Xiao Wei, qui était en train de boire son soupe, leva la tête : « Mademoiselle, ne sois pas égocentrique. Je ne veux pas sortir parce que je suis vraiment fatiguée. »
« Oh. » Yan Schu acquiesça, puis réfléchit : « Xiao Wei, je déménagerai dès que j'aurai trouvé un appartement... »
Xiao Wei la regarda : « Pourquoi dépenser de l'argent pour ça ? Tu peux rester aussi longtemps que tu veux, ne sois pas stupide et déménage. »
Yan Schu sourit et acquiesça avec gratitude.
Après avoir mangé à sa faim, Xiao Wei soupira de contentement et regarda Yan Shu qui regardait la télévision. Bon, c'était l'heure de parler sérieusement. Elle s'approcha et s'assit à ses côtés : « Allez, raconte-moi. Qu'est-ce qui se passe entre toi et Mu Yang ? » Elle alla droit au but, inutile de perdre son temps.

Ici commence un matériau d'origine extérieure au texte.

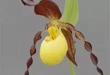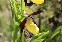 黄花杓兰:植株通常高30-50厘米,具粗短的根状茎。茎直立,密被短柔毛,基部具数枚鞘,鞘上方具3-6枚叶。叶片椭圆形至椭圆状披针形。花序顶生,通常具1花,罕有2花;花黄色,有时有红色晕,…全部>>
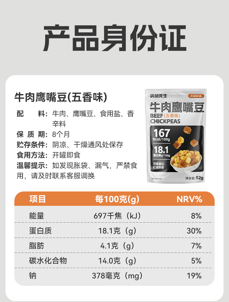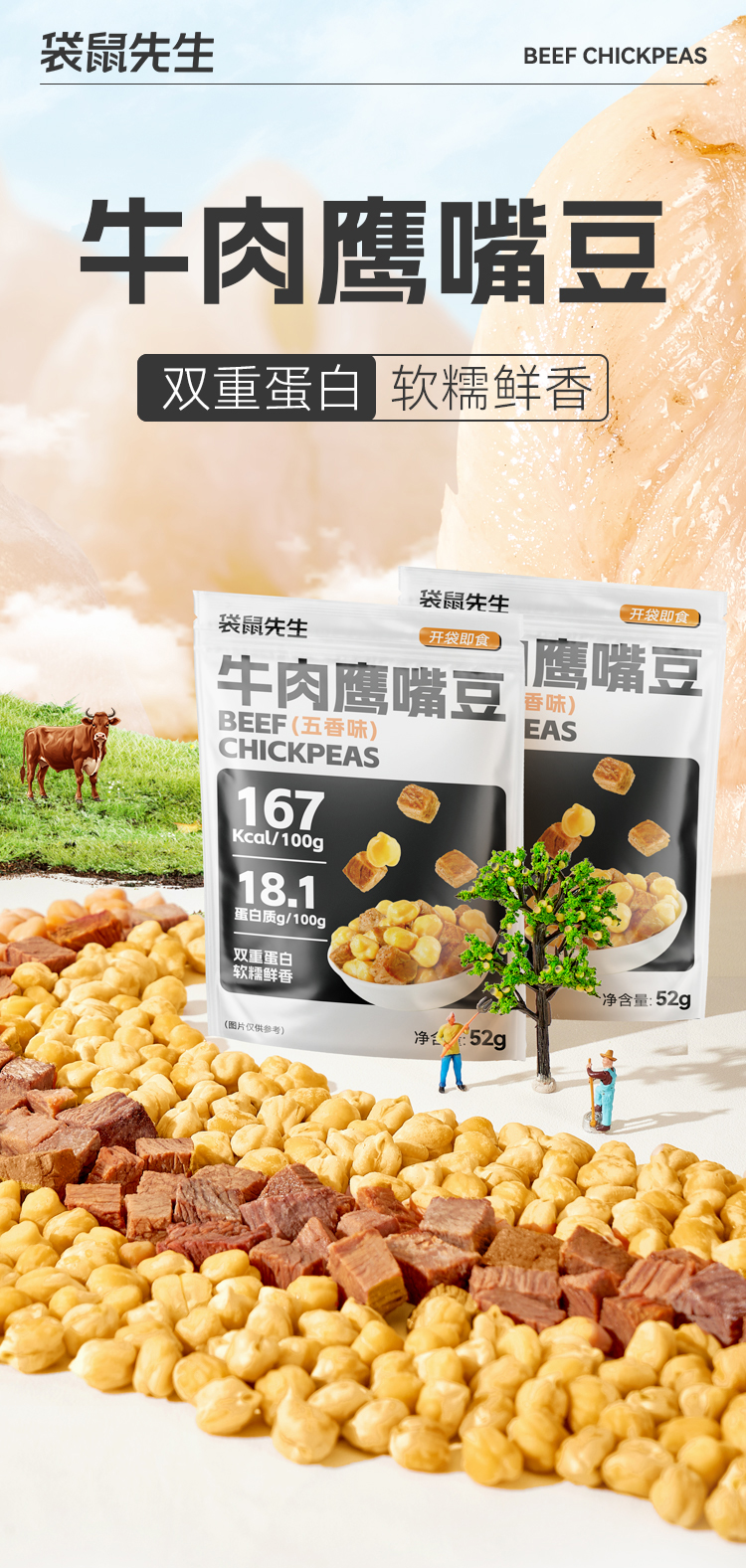 【99元任选10件】袋鼠先生牛肉鹰嘴豆五香味/52g
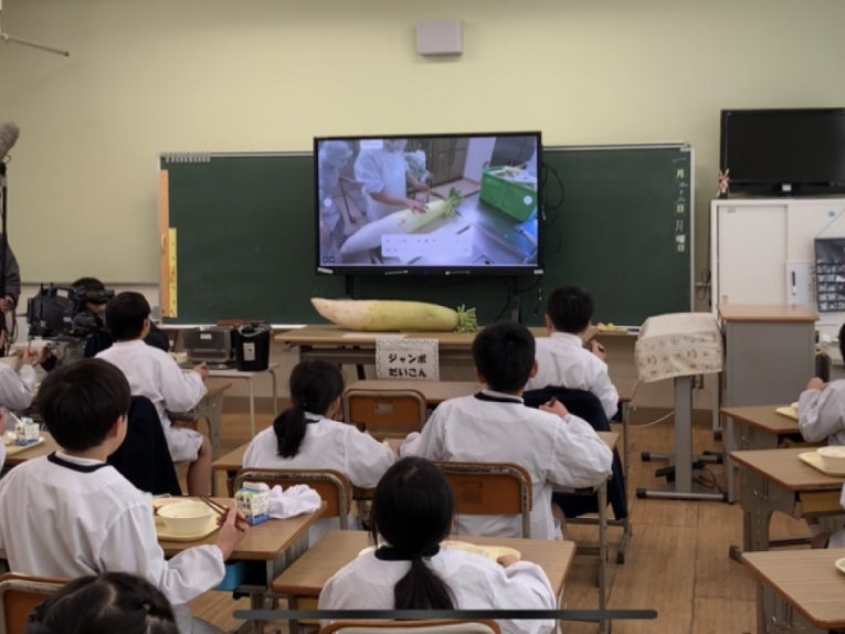 2024年1月に、収穫したジャンボ大根を因島島内の小中学校5校に無償提供し、提供したジャンボ大根が、給食(1,090食分)の食材として活用されました。子どもたちはジャンボ大根の大きさと重さに驚き、給食を食べた際はその美味しさ、甘さにまた驚いていました。ANAクラウンプラザホテル広島様には、ジャンボ大根がブッフェメニューの食材として提供されています。なお、HAKKOパークでは2月末頃まで、畑に植えられているジャンボ大根を間近で見ることができます。
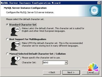 西文编码,第二个是多字节的通用utf8编码,都不是我们通用的编码,这里选择第三个,然后在Character Set那里选择或填入“gbk”,当然也可以用“gb2312”,区别就是gbk的字库容量大,包括了gb2312的所有汉字,并且加上了繁体字、和其它乱七八糟的字——使用mysql的时候,在执行数据操作命令之前运行一次“SET NAMES GBK;”(运行一次就行了,GBK可以替换为其它值,视这里的设置而定),就可以正常的使用汉字(或其它文字)了,否则不能正常显示汉字。按 “Next”继续。
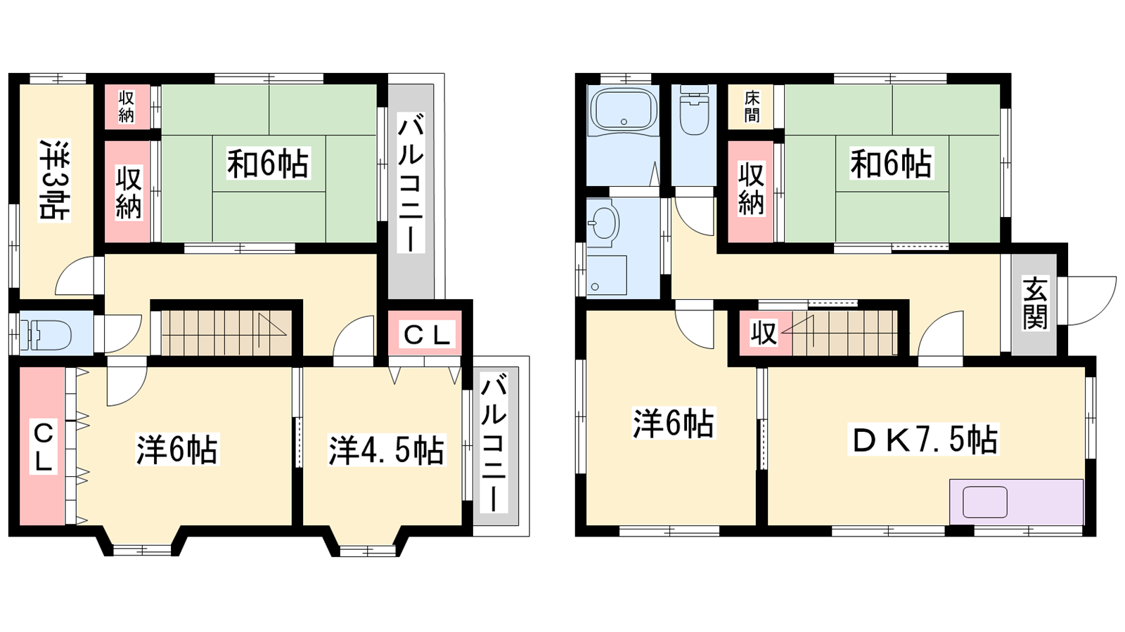 - DK7.5帖、洋室6帖、洋室6帖、洋室4.5帖、洋室3帖、和室6帖
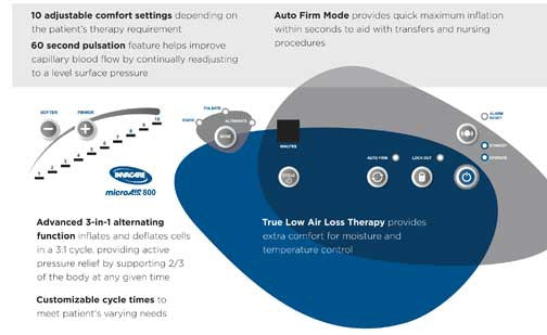 - Auto Firm Mode / Max Inflate provides quick maximum inflation within seconds to aid with transfers and nursing procedures

« Non, vraiment rien. » Yan Shu secoua la tête.
« Tu oses me mentir aussi ? » Xiao Wei changea immédiatement de visage.
« Non, ce n'est pas ça. » Yan Shu baissa la tête : « Vraiment, on a simplement décidé de se séparer. »
« Alors, c'est Mu Yang qui a d'abord parlé de ça ? »
« Il a probablement l'air fatigué aussi, il a dit qu'on se séparait un temps pour se calmer. » Yan Schu soupira : « Il est probablement fatigué aussi. Tout ce temps, c'est lui qui s'est occupé de moi, dans tous les sens, et je n'ai pas la moindre capacité à l'aider. Suis-je vraiment si nulle que je ne peux rien faire pour lui ? Je pensais que notre vie ensemble était bonne, mais la présence de Viviane m'a appris que moi, en tant qu'épouse, je n'ai même pas la capacité d'aider mon mari. Ce dont Mu Yang a besoin, ce n'est pas moi, mais une femme comme toi, comme Viviane. »
« Tu es une imbécile ! Tu ne sais pas ce que Mu Yang a besoin lui-même ? Ce qu'il veut, c'est toi ! » Elle en avait assez de l'entendre : « Tu te crois en droit de l'abandonner, tu ne comprends rien ? »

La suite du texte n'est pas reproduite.